Sometimes I wonder how different my life would be if I didn't share a weekly margarita with my mom since i was 12
I'm being an old woman and getting trashed in a night gown in public...of course it's going to be fun
Did I actually say goodbye last night or did I just poison you with vodka and disappear?
Should i put up a tasteful banner for your party that says last chance to sleep with maya?
After Madison dropped a bottle of full vodka an it shattered on the floor, it was quiet for literally 3 min straight and then drew said "the booze gods have spoken"
Well, let's see..I held him while he cried for 30-40 minutes, woke up on his couch AND he gave me a ride home in his underwear. Shit show is not even the half of it.
We found you facedown on his couch in a pile of cheerios, with only one shoe on. Dude you said you were staying in last night.
He did a line of coke off my stomach then flipped me over and smacked my ass. Then, while he was talking dirty to me, he told me he wanted to hire someone to clean my room. And that's when he lost his boner.

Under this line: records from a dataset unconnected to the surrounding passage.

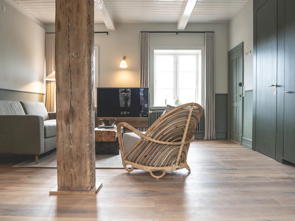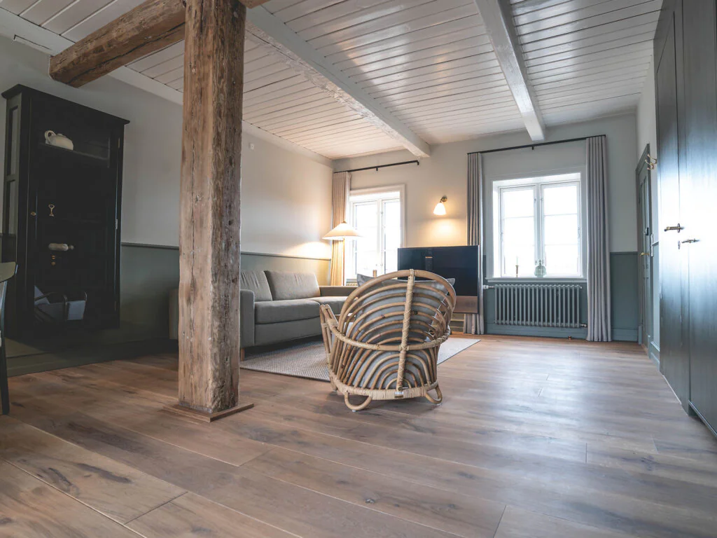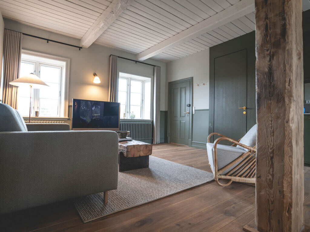 Den gamle Forvalterbolig er nu omdannet til lejligheder, som alle har egen privat terrasse med udsigt til græsarealer og marker. De har alle opholdsrum, med sofa og spisebord samt et fuldt udstyret og funktionelt snedker køkken. Der er to badeværelser – et i stueplan og et på førstesal. Herudover er der 2 til 3 separate soveværelser med to dobbeltsenge, der kan skilles ad.
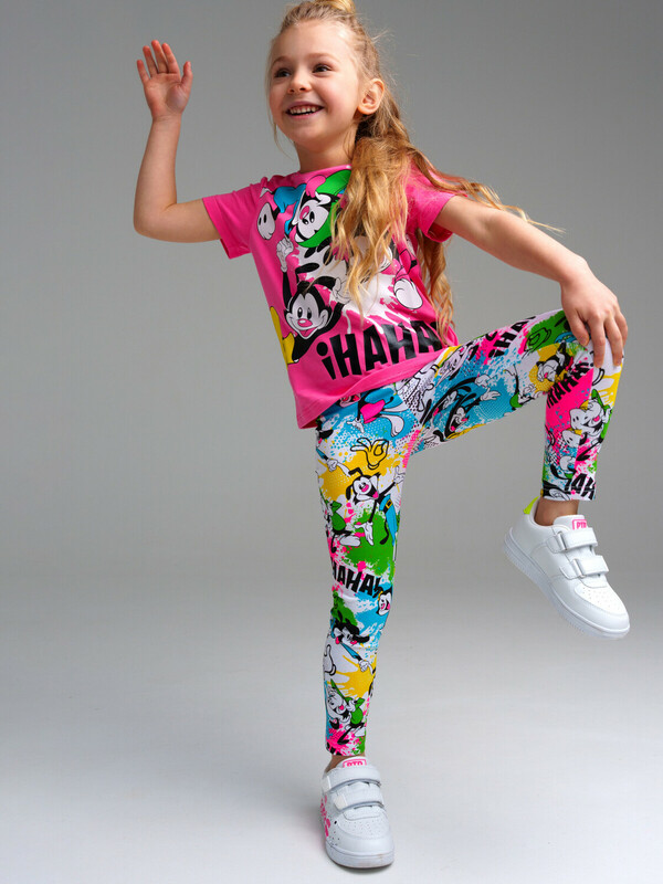 Комплект: футболка regular fit, легинсы из качественного и приятного на ощупь трикотажа джерси. Высокое содержание хлопка. Благодаря наличию эластана в составе ткани изделие проще в уходе и держит форму. Эластичный пояс.
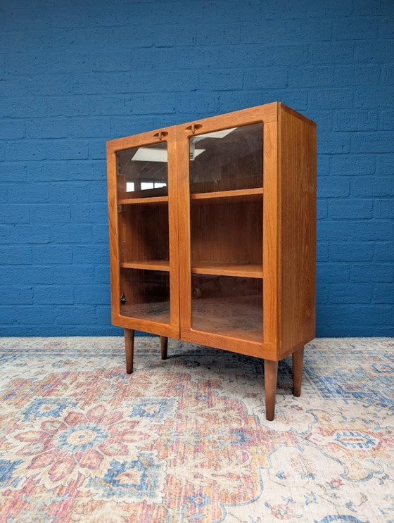 Affascinante vetrina di metà secolo. Prodotta da Bramin Møbler, riconoscibile dalle maniglie.
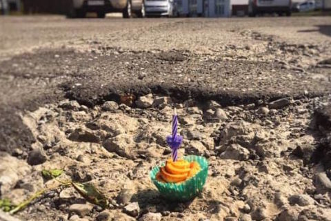 Fagnaði þriggja ára afmæli götuholu með kerti á köku
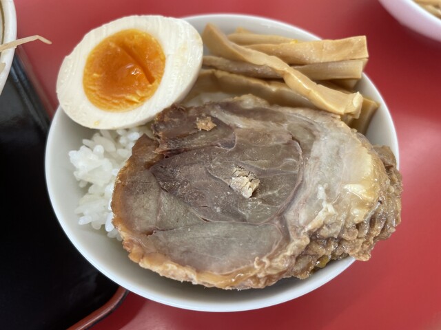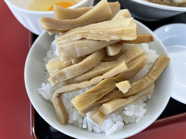 『朝食 ラーメンニンニク野菜マシマシ+メンマ』のメンマ丼
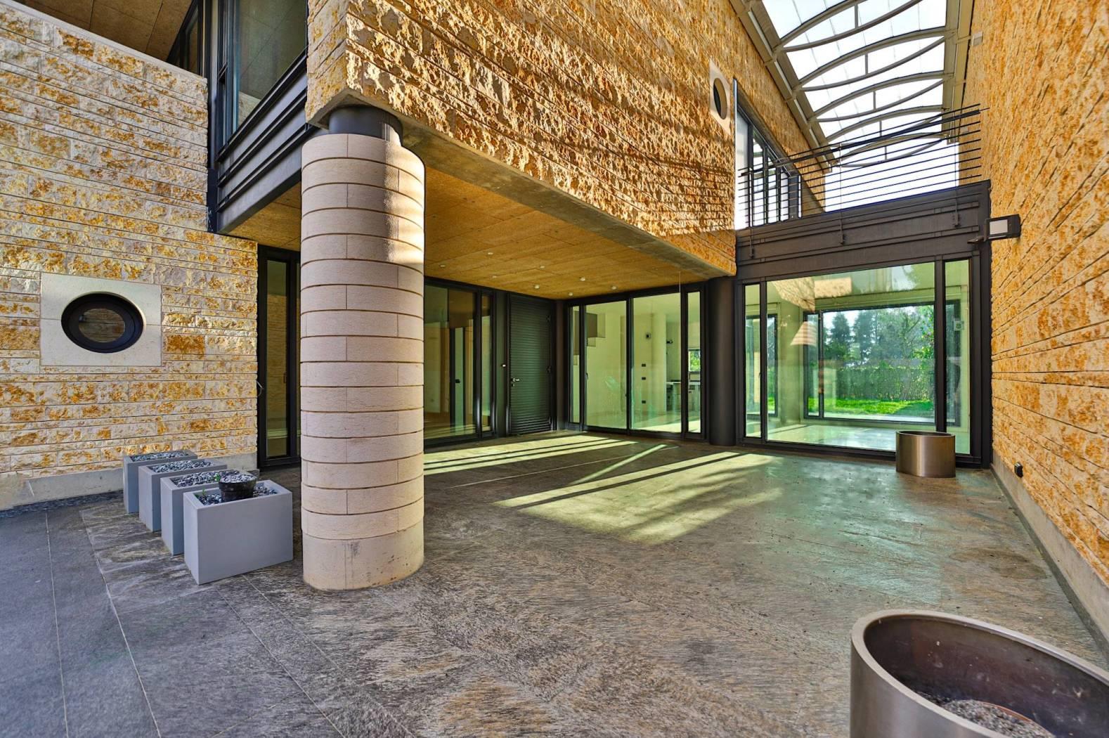 In vendita, nel cuore del suggestivo comune di Merate, in provincia di Lecco, una villa unica nel suo genere, progettata dall’architetto Mario Botta. Questa splendida villa si sviluppa su un elegante piano terra di 98,00mq, interamente vetrato per garantire una connessione armoniosa con il verde circostante. Il design ricercato e funzionale rende la casa un’estensione del giardino, inondando gli spazi interni di luce naturale e creando un continuum con l’esterno. Attraverso due ampi portici coperti di 65,00mq, si accede a un giardino d’ingresso e a un giardino retrostante, per una superficie complessiva di 240,00mq, offrendo la perfetta combinazione di privacy e natura.
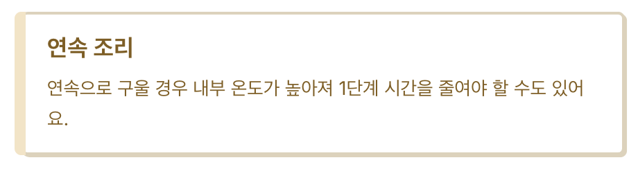 - 연속으로 구울 경우 내부 온도가 높아져 1단계 시간을 줄여야 할 수도 있어요.
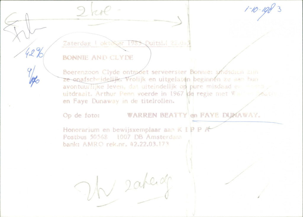 ENG: Bonnie and Clyde is a 1967 American biographical crime film directed by Arthur Penn and starring Warren Beatty and Faye Dunaway DUTCH: Bonnie and Clyde is een Amerikaanse biografische misdaadfilm uit 1967, geregisseerd door Arthur Penn en met in de hoofdrollen Warren Beatty en Faye Dunaway. ENG: Bonnie and Clyde is a 1967 American biographical crime film directed by Arthur Penn and starring Warren Beatty and Faye Dunaway DUTCH: Bonnie and Clyde is een Amerikaanse biografische misdaadfilm uit 1967, geregisseerd door Arthur Penn en met in de hoofdrollen Warren Beatty en Faye Dunaway.
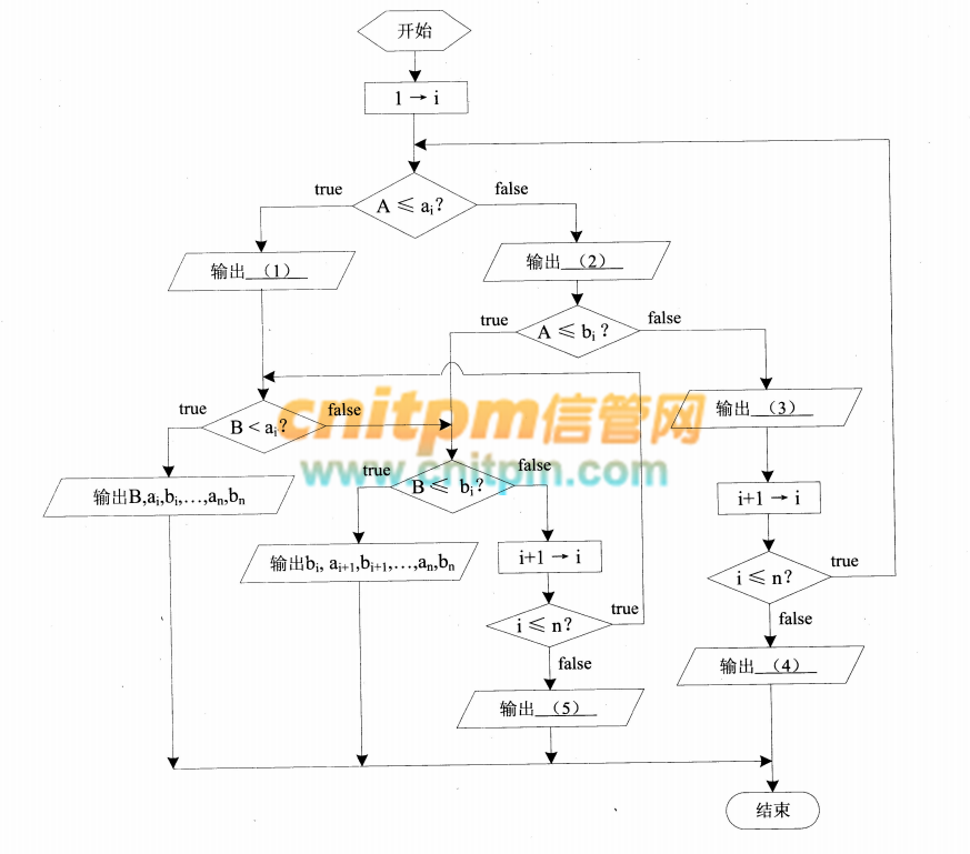 该流程图采用的算法是:先在a1,b1,a2,b2,...,an,bn中扫描定位A点,再继续描定位B点,在扫描过程中随时输出已确定的区间的端点值。问题:1.1 阅读以下说明和C代码,填写程序中的空(1) ~(5),将解答写入答题纸的对应栏内。
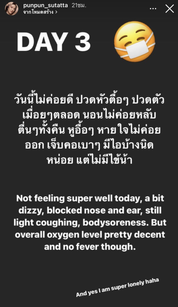 ล่าสุดสาวปันปันได้ออกมาอัพเดทอาการหลังติดโควิดโดยการโพสต์ข้อความที่เขียนข้อความลงในไอจีสตอรี่ว่า “DAY 3 วันนี้ไม่ค่อยดี ปวดหัวตื้อๆ ปวดตัวเมื่อยๆตลอด นอนไม่ค่อยหลับ ตื่นๆทั้งคืน หูอื้อๆ หายใจไม่ค่อยออก เจ็บคอเบาๆ มีไอบ้างนิดหน่อย แต่ไม่มีไข้นะ” ซึ่งงานนี้ก็มีเหล่าบรรดาเพื่อนในวงการบันเทิงรวมถึงแฟนคลับเข้ามาส่งกำลังใจให้สาวปันปันจำนวนมาก

Life is so hard.
Sometimes I actually rage on Tuesday, come back, and do homework drunk and pull an all nighter.
You should just construct a mini-city, actually. Then destroy, photograph and post. Who could turn down a dick that conquered a whole city? Craigslist personals wont know what hit it.
Last night was incredible. I can tell by the nacho cheese on my jacket
I love how when he said ecstasy pills both of our heads whipped around like a couple of horned owls.